9 Aralık 2021 tarihinde TBMM’deki bütçe görüşmeleri sırasında İçişleri Bakanı Süleyman Soylu; “İstanbul Anakent Belediyesi’ne 33 bin personel alımı yapıldığını, 557 kişinin terör örgütüyle bağlantısı olduğunu” ifade etti. 27 Aralık 2021 tarihinde de İçişleri Bakanı, İstanbul Anakent Belediyesi hakkında PKK ve KCK ile bağlantılı, özellikle dağda bulunmuş kişilerin işe alındığı yönünde ihbarlar olduğunu söyledi. Gerçekten böyle bir durum varsa, işe alınanlardan istenen adli sicil kaydını Adalet Bakanlığı’nın verdiği anımsanmalıdır.
AKP Genel Başkanvekili Numan Kurtulmuş; “Belediye kadrolarında terör örgütleri ile bağlantılı birtakım isimler olabilir.

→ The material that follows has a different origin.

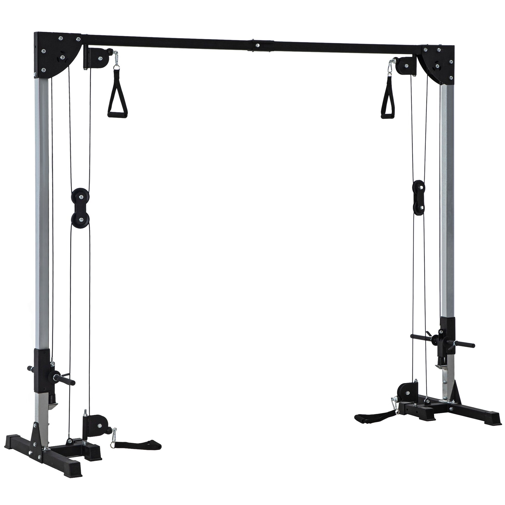 Discover the SPORTNOW Cable Crossover Machine - your all-in-one solution for versatile strength training. Designed with four adjustable handles, it supports a wide range of exercises including pull-ups, push-ups and more - great for solo sessions or partner workouts. Each side accommodates up to 50 kg with 2.5 cm weight plates, while the heavy-duty steel frame ensures lasting stability and support for your fitness routine.

Buradan belediye başkanına sorumluluk çıkarılmaz” derken, aynı şekilde terör örgütleriyle bağlantılı güvenlik güçlerinin olması da, İçişleri Bakanına sorumluluk çıkarmaz. Ama AKP iktidarı işine geldiği gibi söylemlerde bulunmaktadır.
Terör örgütüyle bağlantılı birileri varsa, bu kişileri yakalayıp, gerekli cezayı vermek siyasi iktidarın görevidir. Çıkıp kürsüde “557 kişi terör örgütüyle bağlantılı” demek, aymazlıktır, sapkınlıktır. Görevini yapamamanın ezikliğidir. Bu eziklik Oslo’da PKK terör örgütüyle görüşenlerin ezikliğidir, ihanetidir.
12 Aralık 2021 Pazar günü HDP İstanbul kongresinde bebek katili terörist başı Abdullah Öcalan lehine slogan atıldı, PKK marşı okunup, ant içildi. Şimdi sormak gerekir; bundan daha açık PKK ile bağlantılı bir durum olabilir mi? Bütün bunlar ortadayken İstanbul Anakent Belediyesi’ne yapılanın apaçık bir siyasi algı operasyonu olduğu bellidir. İçişleri Bakanının bu durum karşısında söyleyeceği söz yok mudur?
Bir İçişleri bakanı şurada terörist var, burada terörist var diyemez. Bakanlığın emrinde polis ve jandarma var, teröristi yakalamak görevleri arasındadır. “Terörist var” diye bağırarak, propaganda yapıcı söylemlerle bakanlık yapılamaz. Yaklaşık 20 yıldır ülkeye ihaneti onaylanmış bir siyasi iktidar ile böyle bir siyasi iktidarı ayakta tutmaya çalışan muhalefetin, ülkemizin sorunlarını çözemeyeceği bellidir.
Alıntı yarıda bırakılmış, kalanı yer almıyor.